▶ **Collected data**
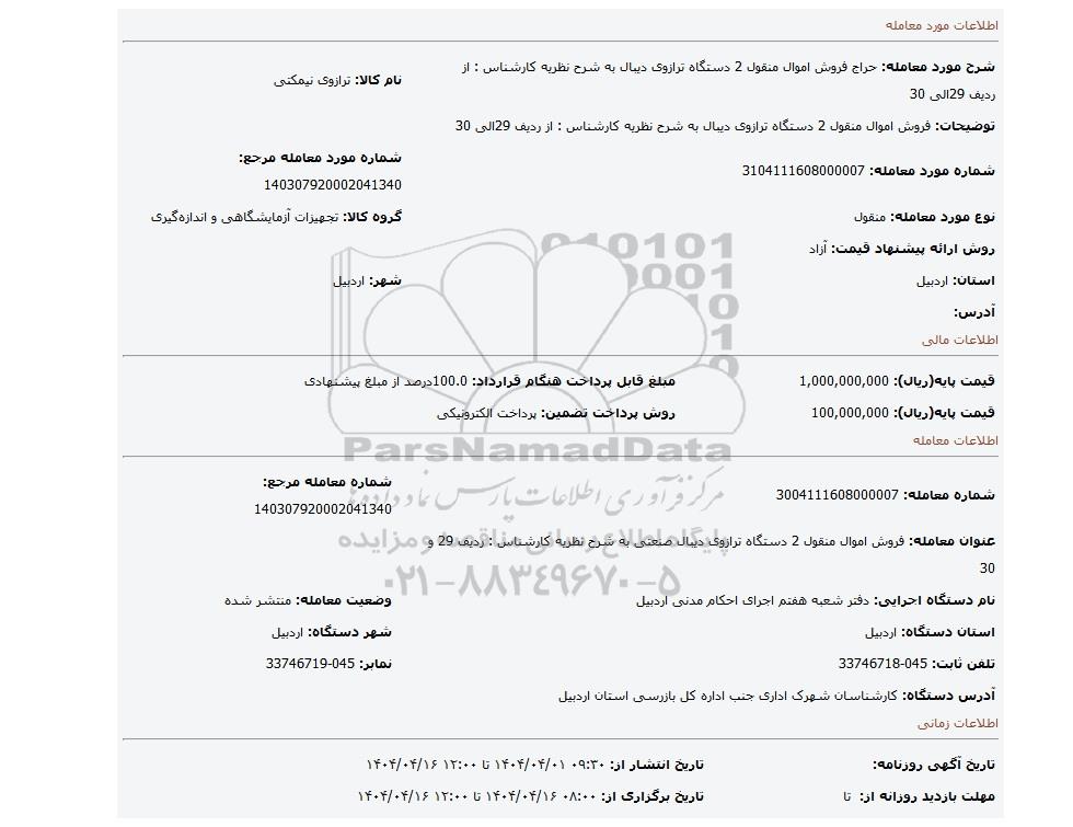عنوان معامله: فروش اموال منقول 2 دستگاه ترازوی دیبال صنعتی به شرح نظریه کارشناس : ردیف 29 و 30 | ||
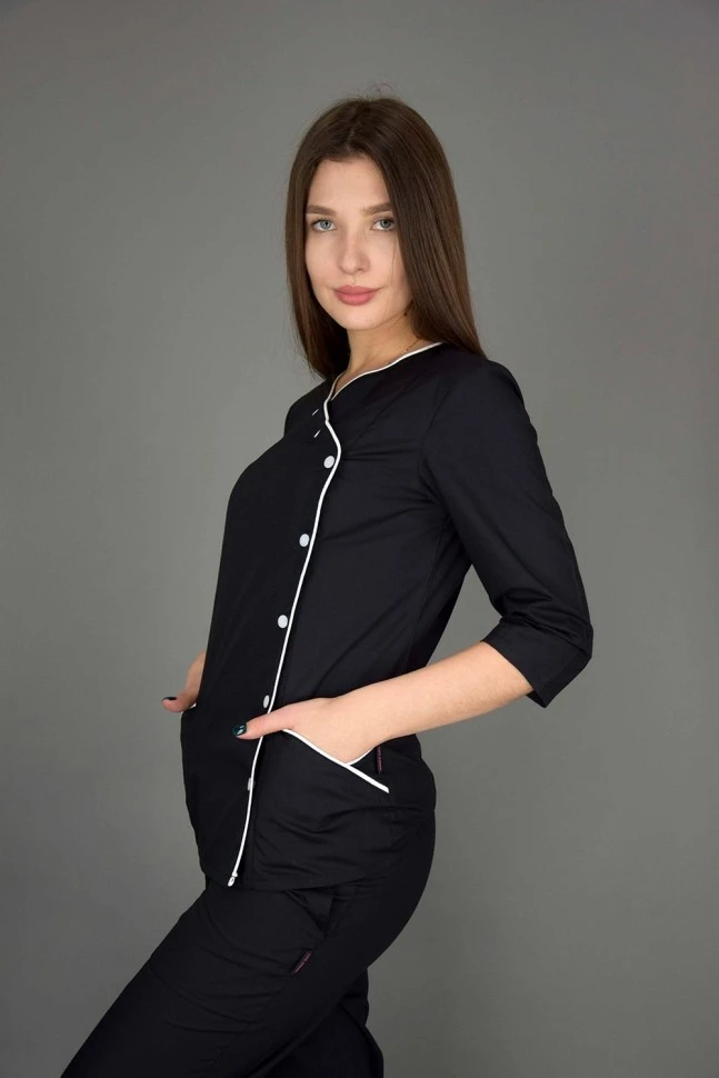 Универсальная женская кофта, присутствуют карманы в нижней части кофты, практичная застежка на кнопках.
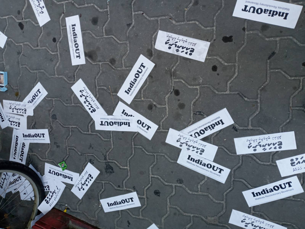 ފުރަމާލޭގެ މަގުތަކުގައި " އިންޑިއާ އައުޓް" ލިޔެފައިވާ ކަރުދާސްތައް އަޅާފައި

▶ **Work required**
If the listing above includes images, copy every line of it exactly except those images.

▶ **Finished task**
عنوان معامله: فروش اموال منقول 2 دستگاه ترازوی دیبال صنعتی به شرح نظریه کارشناس : ردیف 29 و 30 | ||
 Универсальная женская кофта, присутствуют карманы в нижней части кофты, практичная застежка на кнопках.
 ފުރަމާލޭގެ މަގުތަކުގައި " އިންޑިއާ އައުޓް" ލިޔެފައިވާ ކަރުދާސްތައް އަޅާފައި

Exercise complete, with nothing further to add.